2.4. A INOVAÇÃO GRAMSCIANA NO PENSAMENTO MARXISTA

Gramsci é um pensador marxista por excelência. Para Carnoy (1994, p. 89) Gramsci desenvolveu uma “ciência marxista da ação política”, uma vez que Marx não teria desenvolvido uma teoria de política tão abrangente e compreensível quanto sua análise da economia política. Gramsci viveu em uma época em que a teoria marxista já tinha atingido alto nível de desenvolvimento e o bloco comunista estava em formação. O partido socialista já existia na Itália, muito embora pouco representasse as idéias de Marx9. A revolução comunista russa acontecia de forma quase que concomitante com a expansão do nazi-facismo. Todos estes elementos explicam o fato da teoria desenvolvida por Gramsci ter um caráter mais estratégica e voltada para a ação, ou seja, repleta de reflexões acerca de como atingir o socialismo considerando o contexto vivido por ele, o que Carnoy (1994, p. 90) chamou de: “uma estratégia para a derrubada do Estado burguês e a construção do socialismo”.

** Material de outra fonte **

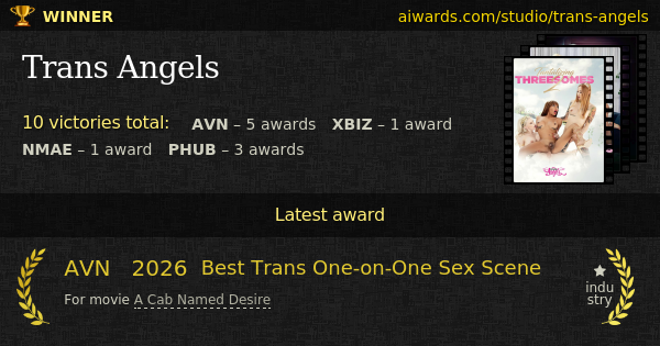 Trans Angels is an awarded adult movies studio. Popular "A Cab Named Desire", "Daisy’s Flower Box" and "Exclusive Angel Emma Rose" - these are only few titles filmed by Trans Angels. Studio high-ranked adult theme: group sex. Trans Angels got two Pornhub "Favorite Trans Channel" awards in a row. The studio individual achievements include "Trans Studio Of The Year" and "Most Popular Trans Channel".
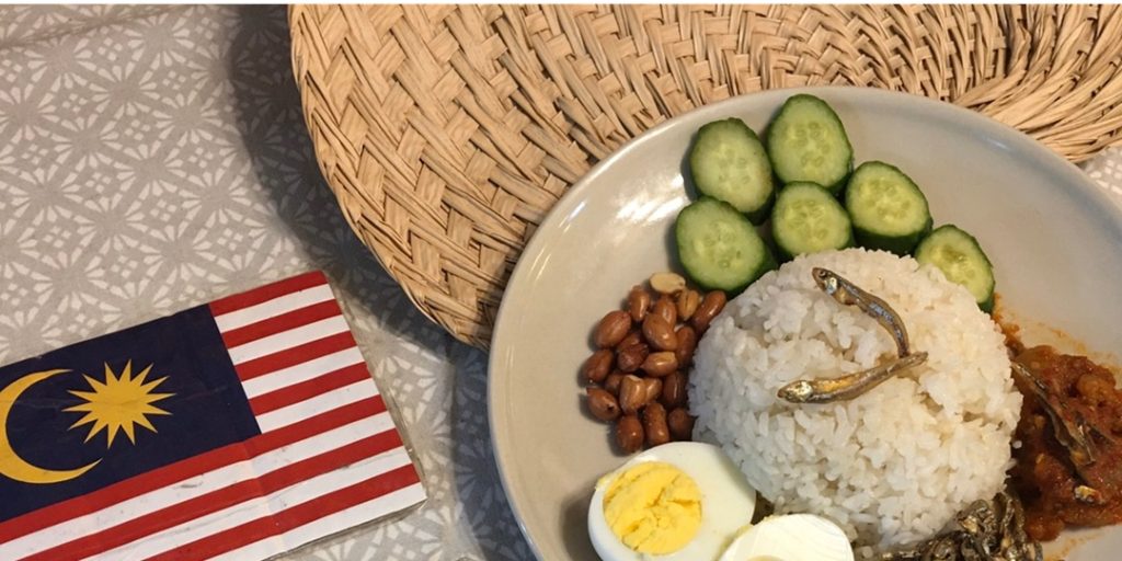 来西亚的“国民早餐”!用椰奶煮成的香米饭,配上江鱼仔、花生、黄瓜、鸡蛋和参巴酱(Sambal),豪华版还会加炸鸡或咖喱鱿鱼,绝对让你一吃上瘾。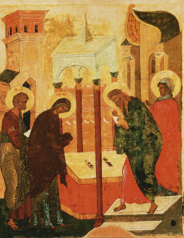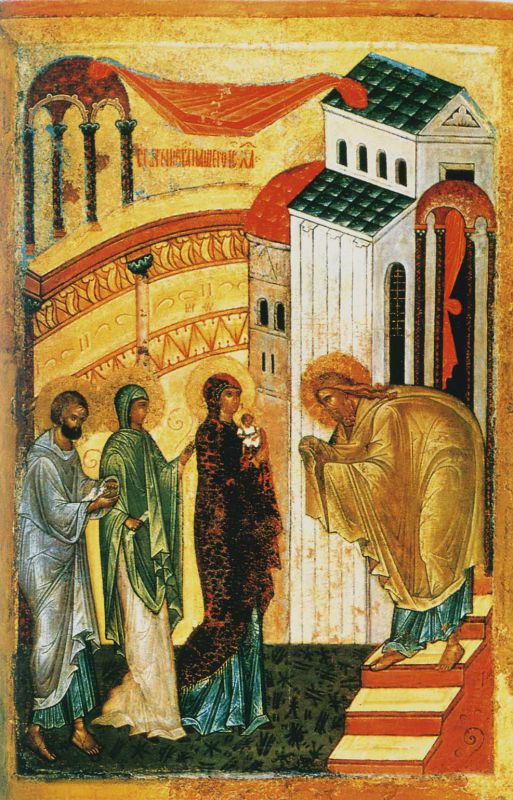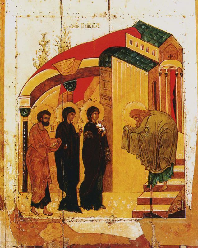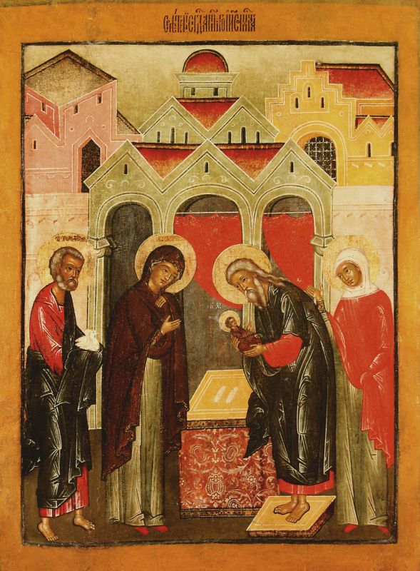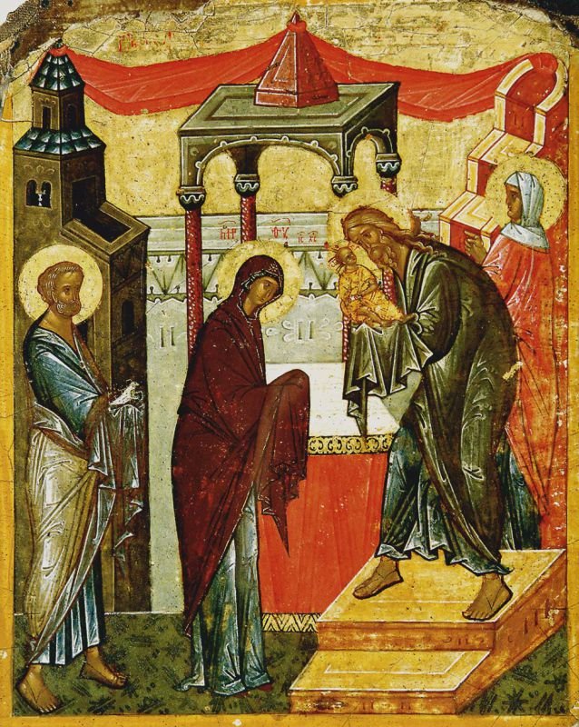 Взоры и Самой Пречистой Девы, и Ее Сына устремлены в Храм — или непосредственно на старца Симеона — святителя и праведника. Принимая Младенца в свои объятия, Симеон возрадовался, взывая: Бог есть Сей, Отцу Соприсносущный, и Избавитель душ наших (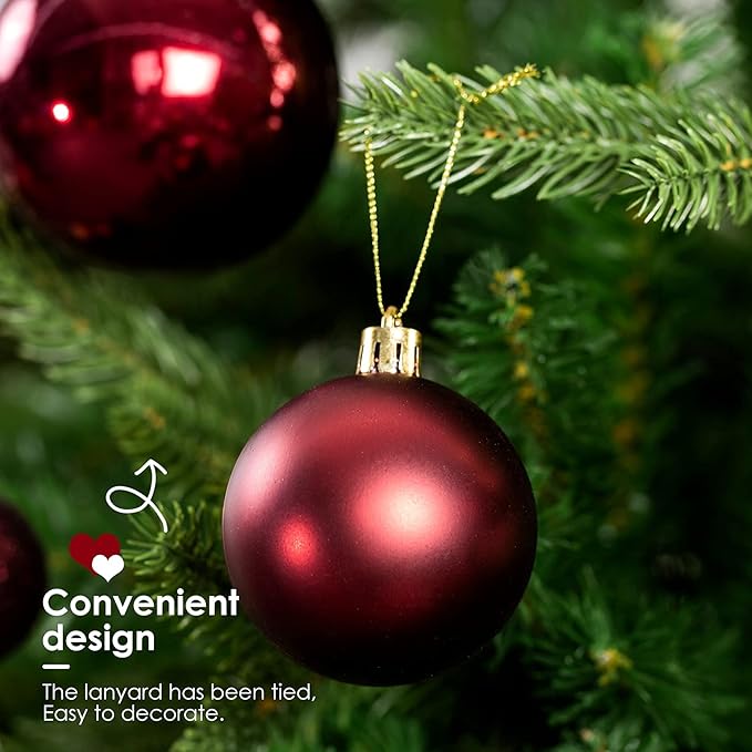 Christmas Ornaments for Xmas Trees,Burgundy Shatterproof Christmas Ball Ornaments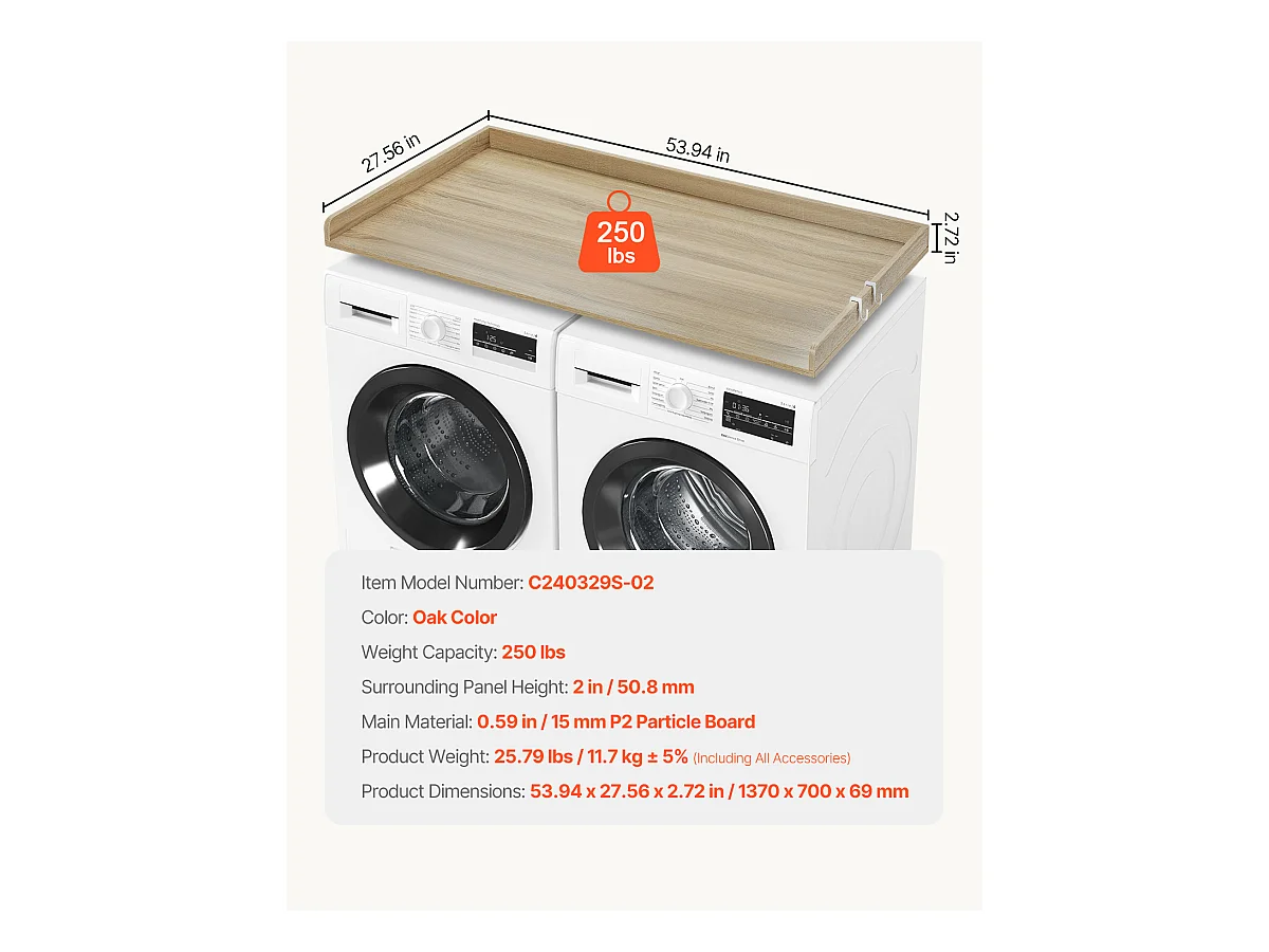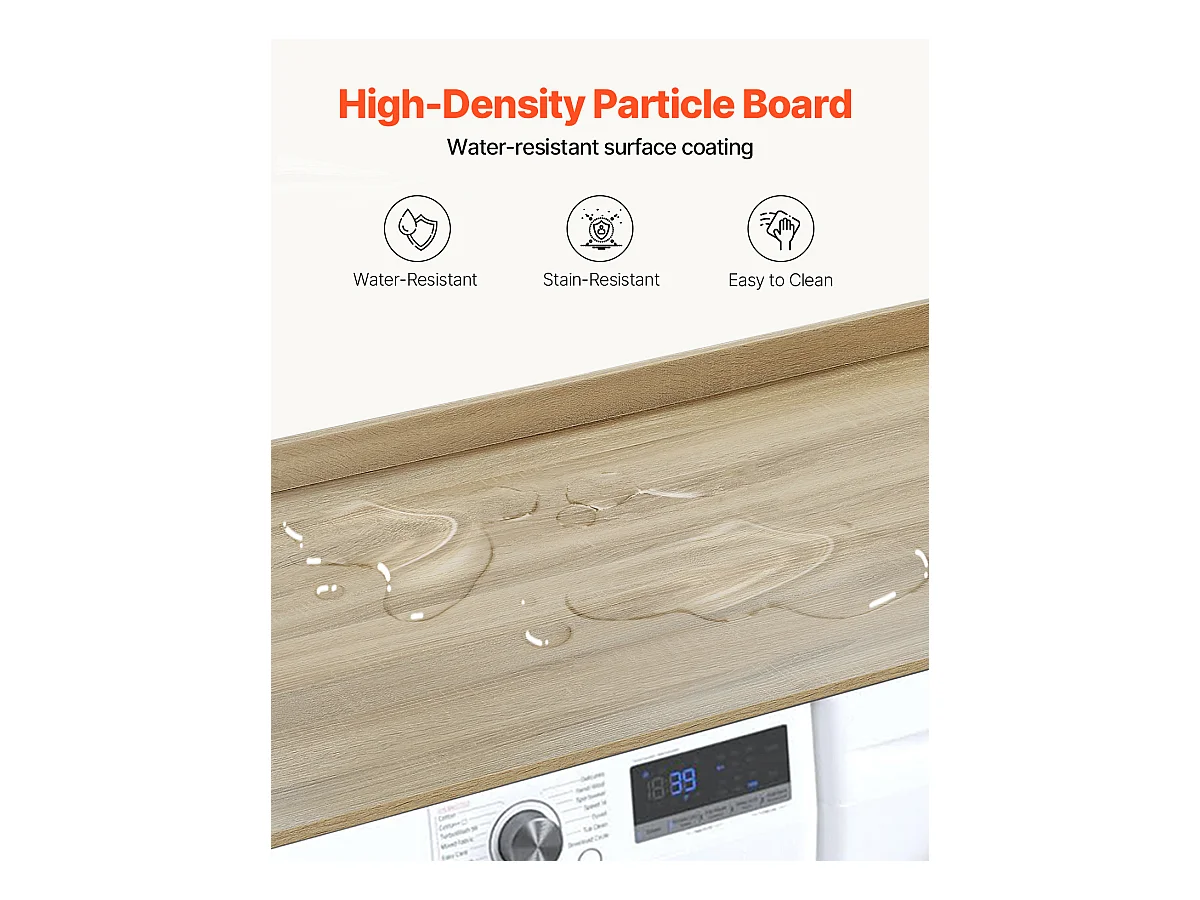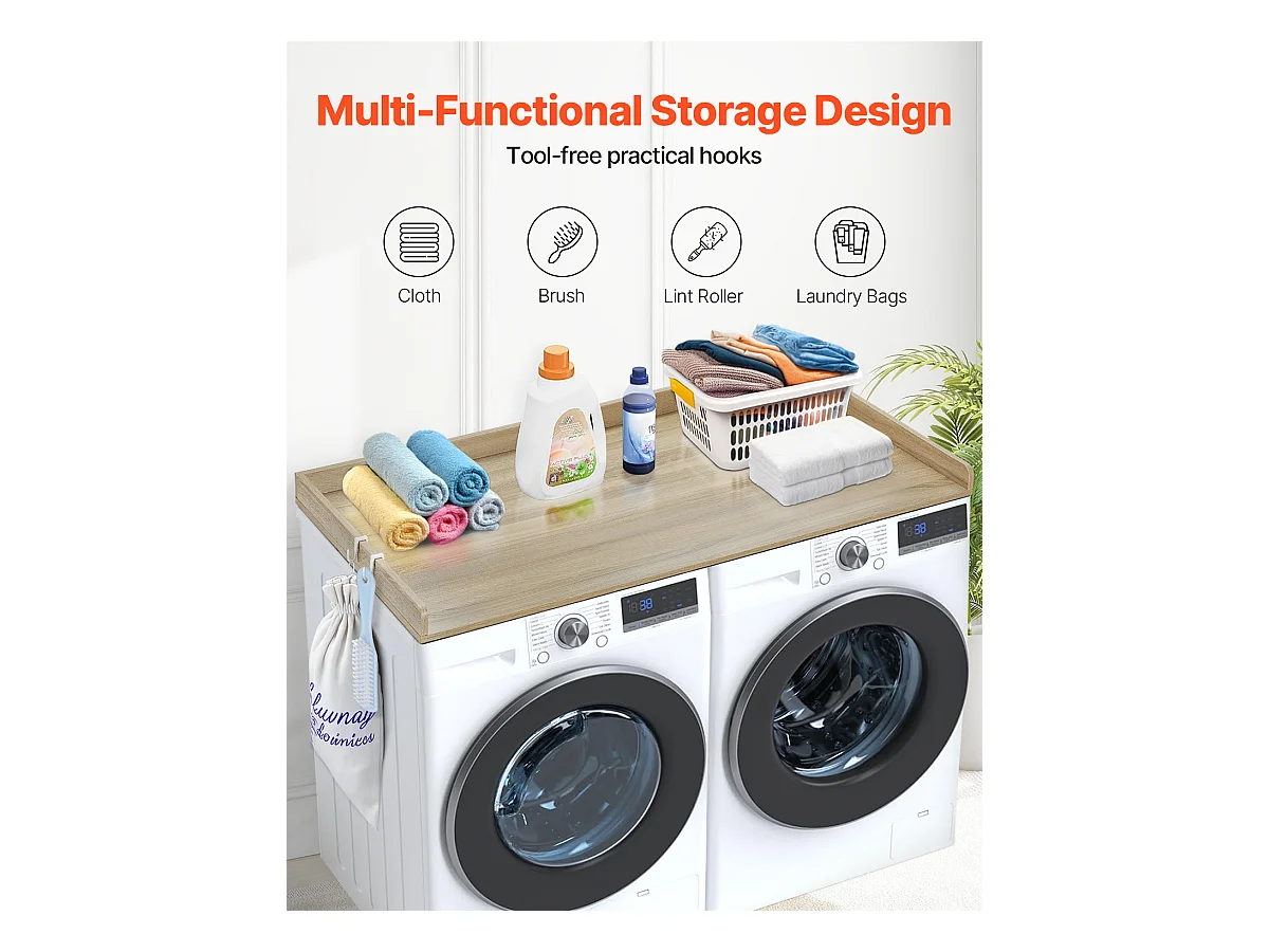 Piano di Appoggio per Lavatrice-Asciugatrice SucceBuy in Legno 137x69 CM, in Legno, Resistente all'Acqua con Cuscinetti Antiscivolo, per Organizzazione Lavaggio

É possível ainda estabelecer outras distinções entre as teorias de Marx e Gramsci. Cerroni (1977), por exemplo, estabelece diferenças entre os métodos de pesquisa dos dois autores e de Weber. Enquanto Marx teria desenvolvido as bases para a configuração científica das categorias histórico-sociais – o socialismo científico, e Weber uma visão idealista da política baseada nos tipos ideais, Gramsci teria sido um reagente crítico de ambos os autores, desenvolvendo uma teoria da cultura, baseada na teoria da hegemonia, na relação entre cultura e política, e na teoria da universalização humana.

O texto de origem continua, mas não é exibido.